For instance, if we look at infrastructure development on the electricity side, such as companies involved in building out electricity, power generation and networks, we are seeing much stronger performance from these types of funds and ETFs. Clean water is also performing well, with ETFs up around 8% in dollars year-to-date and performing well since 2016.

The star of the infrastructure show this year, however, is undoubtedly European infrastructure. The recently-announced German infrastructure and defence spending plan is the obvious catalyst for this resurgence in interest, with Europe-wide spending plans also in evidence. The Mirae Asset European Infrastructure Development index has gained 26% ytd, powered by its exposure to transport, aerospace & defence, telecoms and construction stocks. The STOXX Europe Utilities and Telecoms sectors have also outperformed with +19% 2025 year-to date returns. 


European real estate continues to recover

European unlisted commercial property funds continue to recover from the end-2023 low with a 1% quarterly return in Q1 this year, benefiting from  a combination of modest capital growth plus rental yield. At the sector level, residential property is performing best, with INREV-followed residential-focused funds delivering a +1.7% return over Q1.

Commercial property yield comparisons to European sovereign and corporate bonds remain favourable.  According to BNP Paribas Real Estate, Q1 European prime commercial real estate yields ranged from 4.3% for Retail to 4.7% for Offices and up to 5.0% for Logistics. In contrast, the average Euro area 5-year sovereign bond yield has eased close to  2-year lows at 2.4%, while the average European investment-grade corporate bond yield is similarly close to 2-year lows at just 3.1%. 

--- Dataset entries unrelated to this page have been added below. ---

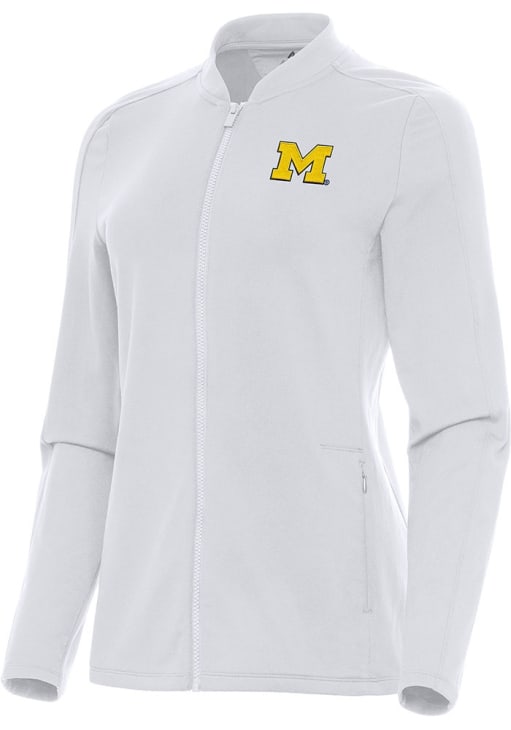 Stay warm and cozy with this Michigan Wolverines Womens White Continual Light Weight Jacket! Cheer on the Wolverines in this Michigan Light Weight Jacket. With a sleek lines and a blade collar, you won't want to be caught without this Light Weight Jacket on gameday.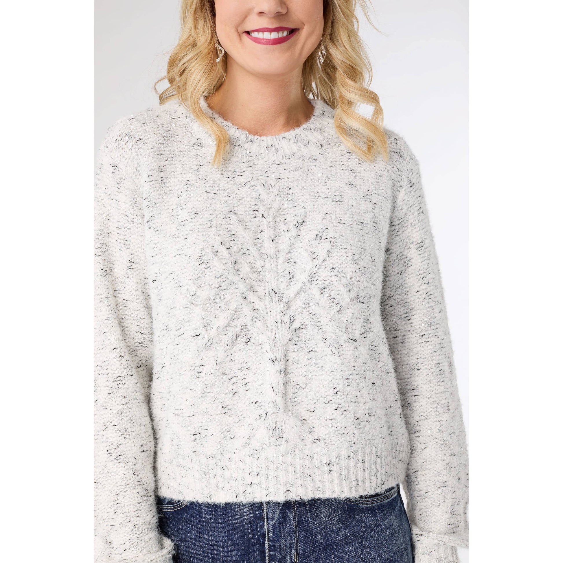 Alivia Sparkle Sweater w/ Front Cable Knit Tree - Christmas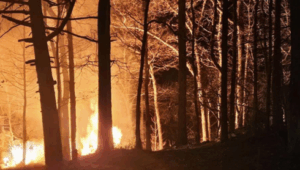 On New Year’s Eve, around 7 p.m., Western NC fire crews, including Broad River Fire & Rescue and Chimney Rock, received several calls regarding a fire at the 900 block of Bald Mountain Road, an area previously burned during Party Rock.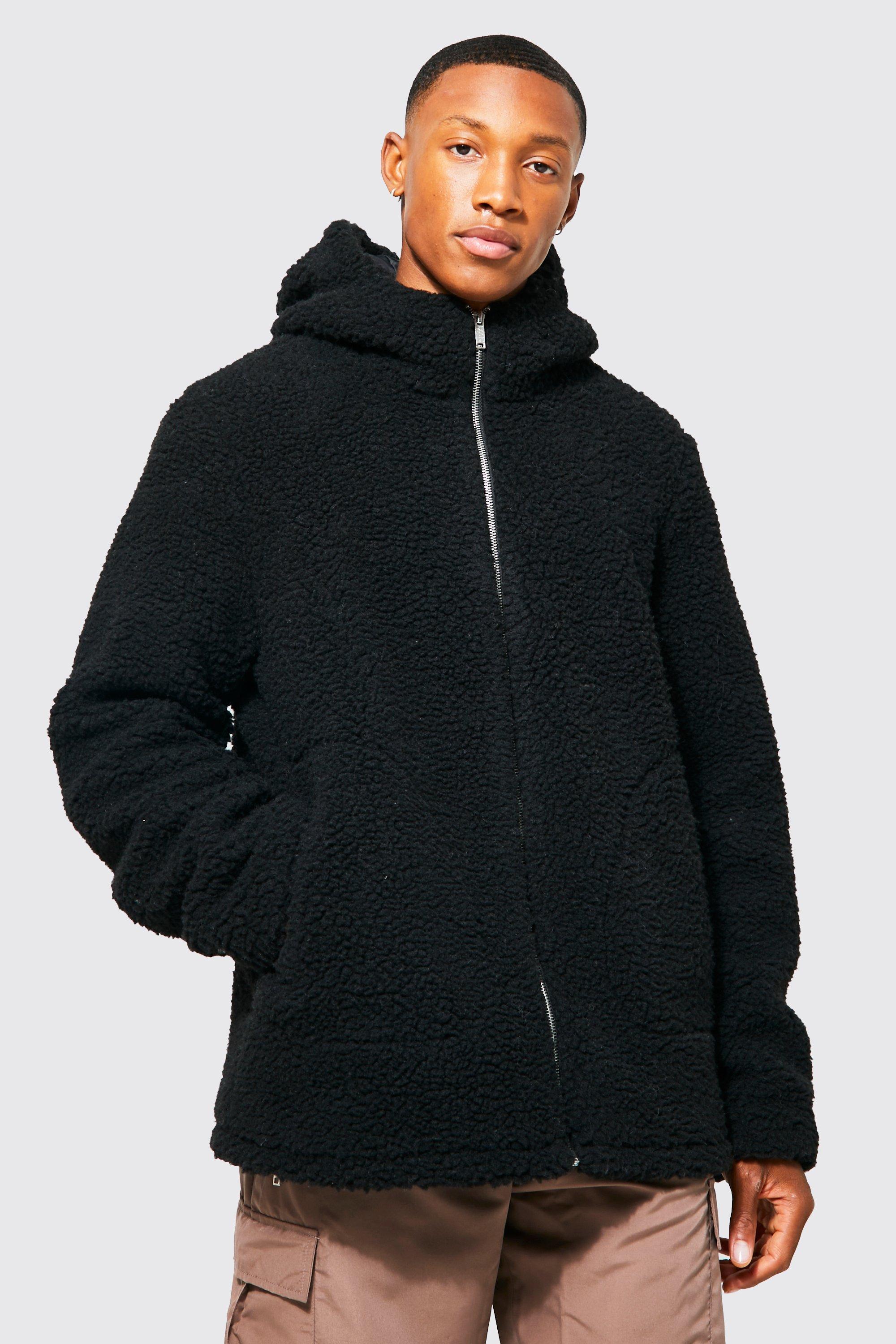 Boohoo borg jacket clearance, Borg Zip Through Hooded Jacket boohoo clearance

With the ECB set to lower benchmark interest rates by 0.5% in the coming months, variable interest-rate sensitive residential property markets such as Spain and the Netherlands should continue to see rising house prices. In Q1 of this year, property consultant TINSA reports that Spanish house prices have risen 3.1% over Q4 2024, and +7.7% since Q1 2024. Existing house prices in the Netherlands gained 10.2% in April over a year ago and +3.2% since the start of this year. A recovery in consumer confidence, combined with lower long-term interest rates would be catalysts for a more positive outlook on European real estate, given that property capital values are finally on the rise.